14 Aralık 2011 Çarşamba

Melancholia (2011) - Aciziz, Yalnızız ve de Öleceğiz... Ver Elini Ey Hüzün!

Orijinal boyutlar için resimlerin üstlerine tıklayınız

Herkesin ya çok iyi ya da çok kötü duygular beslediği yönetmenlerden Lars von Trier'in son filmi Melancholia, kadrosu ve kişisel varoluşumu nitelendirdiğim kavramların(!) en nadidelerinden birinin isim sahipliği yapacak olması sebebiyle geçen seneden beri beklediğim filmler arasındaydı. Haliyle çok büyük beklentilerle başladım filme. O kadar zaman bekleyip de daha az beklentiye sahip olmam imkansız gibiydi zaten. Hatta ne kadar iyi bir film çekilmiş olsa bile burun kıvırmam içten değildi. Büyük olasılıkla kendi ellerimle büyüttüğüm beklentimin kurbanı olacaktım, diğer birçok filmdeki gibi. Lakin eleman öyle bir giriş yapıyor ki filme, orada kilitli kalıyorsunuz daha film başlar başlamaz. Bütün o bekleyişin heba olmadığına dair ilk emareler bile gelmeden onay veriyorsunuz, 'boşuna beklememişsin' replikleriyle tatmin olmaya çalışan beklenti merkezinizin durum raporlarına.

Uzun zamandır denk gelmediğim mükemmel açılışlardan biriyle başlıyor film. Aynı kalitede kozmik görseller, aynı ahenkte klasik müziğin kullanımı vs ile ikinci bir The Tree of Life vak'asıyla karşı karşıya olduğunuzu sanıyorsunuz ilkin. Gerçi daha sonra olay tamamen farklı gelişiyor ama The Tree of Life'yi izlemiş olanların, içlerinden böyle bir şey geçirmeleri çok olağan. Filmin diğer tüm sahnelerini izlerken, artık bu girişteki resimleri görmüş biri olduğunuzun farkında olmaya zorluyorsunuz kendinizi!
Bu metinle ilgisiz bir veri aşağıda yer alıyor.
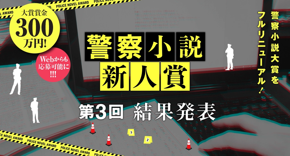 第3回警察小説新人賞は、2024年6月27日(木)に行われてた選考会にて、選考委員の今野敏氏、相場英雄氏、月村了衛氏、長岡弘樹氏、東山彰良氏による厳正な選考の結果、下記のように決定いたしました。

Vurgulamakta fayda var; bu her zaman böyle değildir!

Sayın okur, eğer spoilere bulaşmak istemiyorsan bundan sonra dikkatli ol. Ama benim tavsiyem, bu filmde spoilere fazla takılma. Zaten fazla ve habersiz verecek değilim. Ve de feci halde önemsiz durumda, spoiler denen şey bu film özelinde. Bak benim gibi spoiler almaktan fazla spoiler vermeye korkan biri bile spoilerli yazıyor, daha ne diyeyim :)


Karışıklık olmasın diye belirtelim. Filmin iki girişi var. Biri genel açılış sahnesi. Bunu yukarıda söyledim. Diğeri de düğün törenlerine gitmeye çalışan gelin-damat adayının, kiraladıkları(!) limuzinle kavisli ve dar bir yoldan dönmeye çalıştıkları sahne. İkisi de birbirinden güzel ve önemli sahneler. Hemen yukarıda da gördüğünüz üzere, o limuzin o yola göre değil. O yol için üretilmemiş araç. Oradan o limuzinle geçmek istersen ya limuzini gözden çıkaracaksın ya da geç kalmayı göze alacaksın. Hasılı zarara uğramadan oradan geçmen imkansız. Limuzinin kiralanmış olması da bir hayli manidar. Dikkatlere sunayım fazla açmadan; hayatlarımızı devam ettiren belki de en önemli şey olan nefesi bile bilinçli alamayan bir canlı çeşidiyiz. Neyimiz var ki..!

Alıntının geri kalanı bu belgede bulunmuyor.